The Truth About Cigarettes.
Research done in 1978 by Dr. Ira T. Lapides into the
economics of cigarette smoking and the relationship between
health and the chemicals used in the production of
cigarettes lead to both the creation of the Gatlin-Burlier
Tobacconist, a tobacco store dedicated to chemical free
products, and to the beginning of an 18 year struggle to
inform the American public about the
chemical additives in
their cigarettes and the possible health effects of these
chemicals. His findings were presented in a brief report
which was mailed to
Federal and State elected officials,
'responsible' government agencies, newspapers, magazines,
and to radio and TV news organizations. He pushed for
labeling legislation and study committees at the State
level and was one of the first researchers to point to the
lack consumer information about the gaseous phase of
cigarette smoke.
Only the
Readers Digest, which had previously carried
anti-cigarette articles responded in a positive way to his
attempt to make the public aware that the brown stuff in the
middle of the cigarette was not 100% leaf tobacco.
In the early 1980's the Government foolishly encouraged people to switch to low tar
cigarettes without warning them that the word tar had relatively little meaning. Another
way to say it is that it would take tons of horse poop to truly disrupt the ecology of a large
pond nestled away in the isolated mountains, while a teaspoon of plutonium 231 would
be enough to change that ecology forever. So it is with tar.
'Tar is as Tar does' to paraphrase Forest Gump. The explanation as to why a greater
proportion of the population smoked during your grandfather's days and yet
had far fewer smoking related illnesses and far fewer types of smoking related
diseases is easily found in the analysis of the chemical make up of tar created from burning
tobacco verses the tar created from burning chemical additives.

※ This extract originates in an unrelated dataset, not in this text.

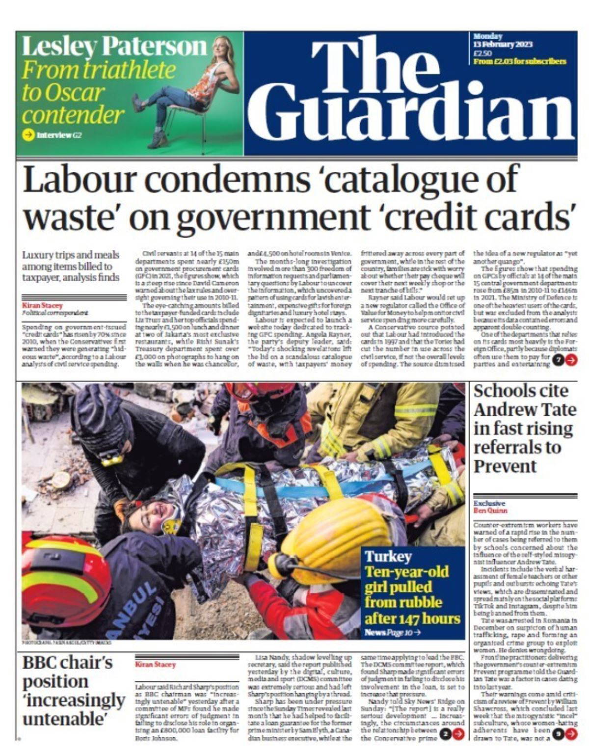 The Guardian ise "On yaşındaki kız çocuğu 147 saat sonra enkazdan çıkarıldı" başlığı atarak, adı Cudi olduğu öğrenilen 10 yaşındaki kızın Hatay'da 147 saat sonra enkaz altından kurtarılmasına atıfta bulundu.
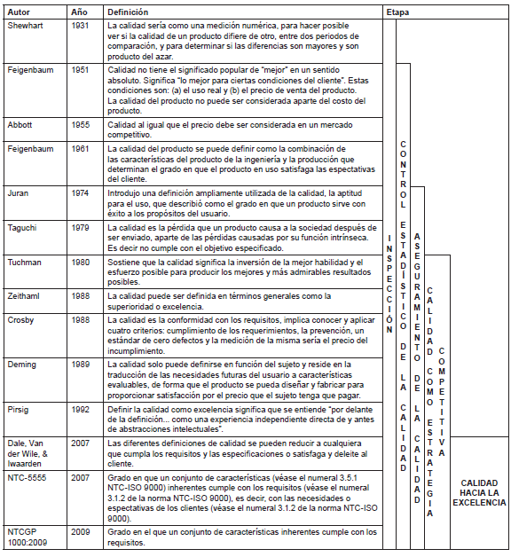 El concepto de calidad según Garvín (1988) ha evolucionado cronológicamente en varias etapas que se complementan mutuamente; la primera está asociada a la etapa de inspección, donde el énfasis es la uniformidad del producto, y a través de la valoración y medición garantizar que dicho producto cumpla con los estándares establecidos, la segunda, el control estadístico de la calidad, donde se reducía la inspección y se utilizaban técnicas estadísticas para el control de lotes de producción. En cuanto a la tercera, relacionada con el aseguramiento de la calidad, toda la cadena de producción, desde el diseño hasta el mercado, participaba activamente para evitar fallos de calidad; finalmente, la calidad como estrategia competitiva, se enfatiza en el mercado, en la necesidad de los clientes y moviliza a la organización para desarrollar, mantener y mejorar la calidad. Sin embargo, no se encuentra una definición unificada sobre el concepto de calidad, y dependiendo del contexto sobre el cual se aborde, puede enfatizar ciertos elementos que se han mantenido a lo largo del tiempo.

Over the next 18 years, the information which should have been disclosed to the American smoking public
was hidden away from them by use of an intricate web of laws designed to keep this information hidden even
from the U.S. Congress. The fair and open debate over cigarettes was closed with the death of the FCC
Fairness Doctrine and, as a result, smokers were deprived of their right to consumer information.
After attempting to generate public debate by petitioning the Donahue Show to host an open discussion of
the issues, Dr. Lapides undertook a last ditch effort to bring the fact that cigarette and tobacco meant
different things to the public's attention by going on a
22 day hunger strike.
The two most consequential results were that the
GRAS (Generally regarded as safe) list of allowable
chemical additives for cigarettes production was removed from its the safe which held it since 1971 and read
into the Congressional Record. On the basis of a call from the ABC News show, Day One, Dr. Lapides ended
his hunger strike, and ABC NEWS produced a story which, however critical of the cigarette manufacturers,
still broke the 25 year ban on the discussion of cigarette manufacturing over the public air waves.
ABC was promptly sued following the airing of the program because, rather than sticking to the
information that they had, they simplified the appropriate statements to say that the cigarette producers
spiked their cigarettes with nicotine.* Still the production of the ABC News Day One program was the
watershed which, if repeated, would open the door for attempts to reinstitute the 'Fairness Doctrine' and thus
full public debate on smoking. This is something that the large cigarette producers would probably like to
avoid and a $10,000,000,000 lawsuit would surely stop.
Want to Quit Yet?
*Actually, other chemicals exist which influence the 'addictive' effect nicotine, and there are still others
which mimic the effects of nicotine. Although no proof that these chemicals are used in the production of
cigarettes, synthetic or reconstituted tobacco can be supplied, one can imagine that they were invented and
protected by patents so that they could be used.